Again, this is exactly what Keynes said would happen when an economy reached stasis at a level well below full employment.

Kids, I hate to break this to you, but it sure looks as if Keynes had this part of the present-day situation nailed down. The part about what you do about it–well, that part is still a bit of a sticky wicket.

I doubt if most Americans, even very learned Americans like Wlady, know that the Great Depression only ended with Pearl Harbor. Not until we got full national mobilization and unlimited war production did the Great Depression end. Unemployment was well into double digits as of late 1941. That was after every kind of New Deal program. Only stupendous national government spending got us going.

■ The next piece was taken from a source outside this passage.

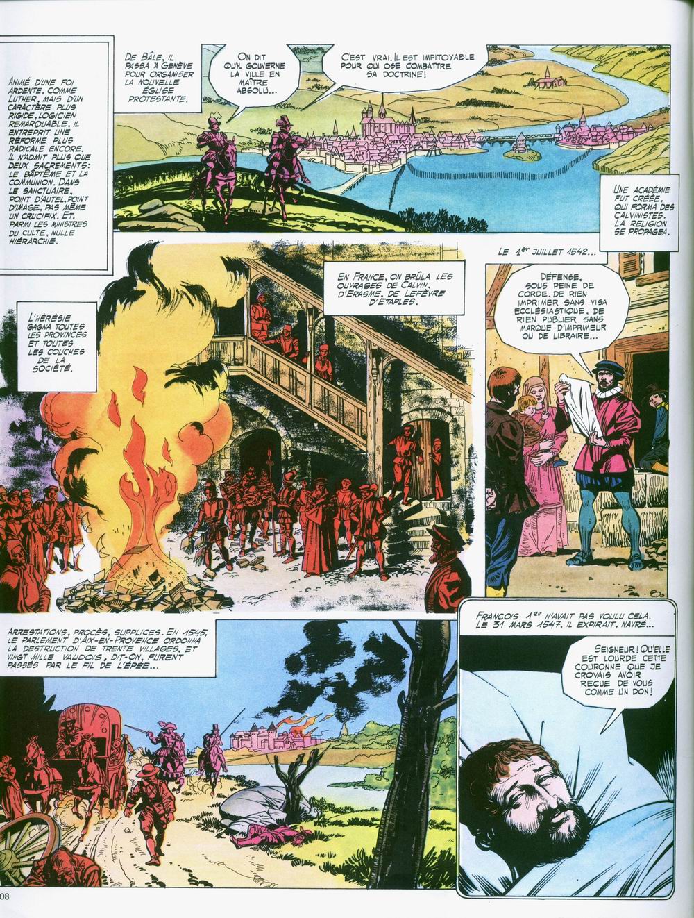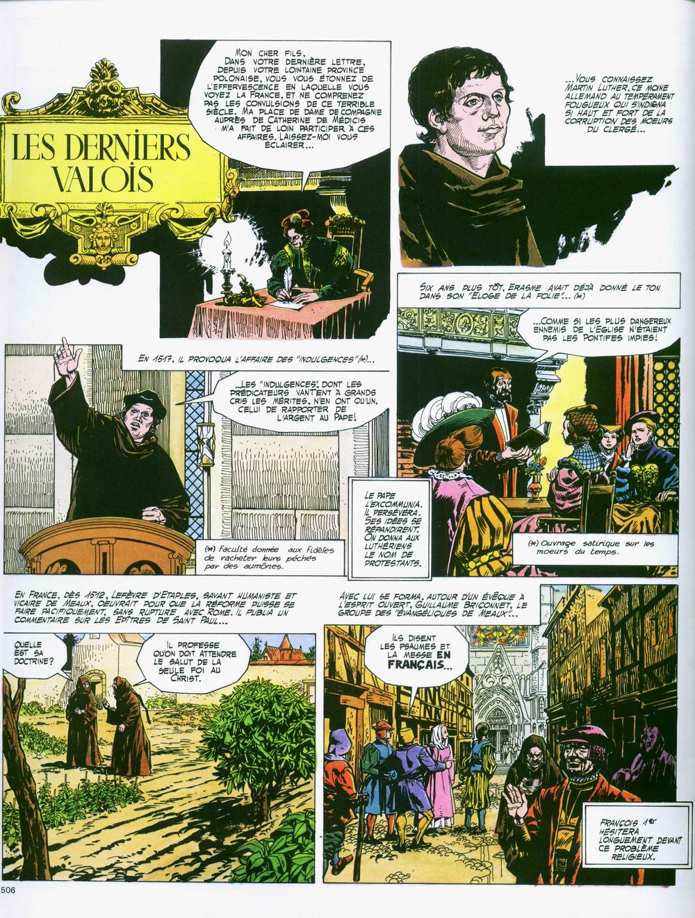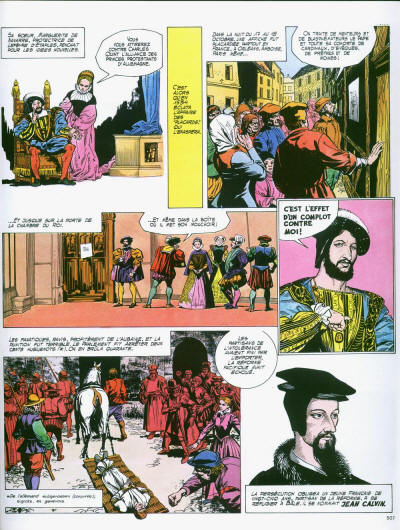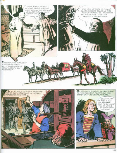 | In the memorable Larousse edition L'Histoire de France en bandes dessin�es, first published between 1976-1978 and republished in 2008, the life and times of Marot are of course prominently represented. His employer was the King of France en Marot not only witnessed the events but was (took) part of (in) it. | |

No chance of that now, right? No, wrong. It’s worse than that. We are already having massive deficit spending and it’s truly massive. We spend about $40 billion each day more than we take in at the federal level. We still have 9 percent unemployment and a prostrate housing sector.

Either Keynes was wrong about that deficit spending or we have to do it at a full mobilization level, where we quadruple federal spending deficits or something like that.

That’s not going to happen.

What do we do? Monetary policy just will not work when there is zero enthusiasm in the business world. Neither will deficit spending.

A friend suggested that we make it illegal to be unemployed. If you are still unemployed, while in good health, after six months, you will be assigned a job as sorter of books at a postal facility or a trash picker-upper at Zuma Beach or a schoolteacher in Brentwood Park. You won’t get any more unemployment comp. unless you take the job.

This sounds like a good idea to me, but probably most people would consider it too severe.

I go back to what I keep saying: for some of the unemployed, the fault genuinely is theirs. They are just not looking to work. For others, obviously not. They really are suffering. Their pain is in no way their own fault. But compulsory work? Is that a bad idea? I guess sometimes, yes, sometimes, no.

What about housing? Here, it’s just a catastrophe. What on earth will we do? Surely, the solution is not to take away the tax deduction for mortgage interest. That makes no sense at all.

Before my wife and I set out, Phil DeMuth and I had lunch at Nonna, a great Italian café. We had unbelievably good pizza. Most of the time we talked about my favorite novel, The Great Gatsby.

Topics: Was Gatsby Jewish? I think he must have originally been in Fitzgerald’s mind. “Gatsby” or “Catesby” is often a cover name for Katz. Gatsby had the very Jewish combination of superficial toughness and extreme sentimentality we Jews often have. Plus, he was great pals with the notorious fictitious mobster Meyer Wolfsheim, and I wonder if Wolfsheim would have trusted a Gentile with his highly secretive business.

Other topic: Is The Great Gatsby about money or about love? Or is it about the worship of money, which in Fitzgerald’s eyes was the American religion? Isn’t Fitzgerald really all about money?

Other topic: Do today’s students even read Fitzgerald? If not, what can they read that remotely compares with Fitzgerald? Or does asking the question show a hopeless antiquity in taste on my part?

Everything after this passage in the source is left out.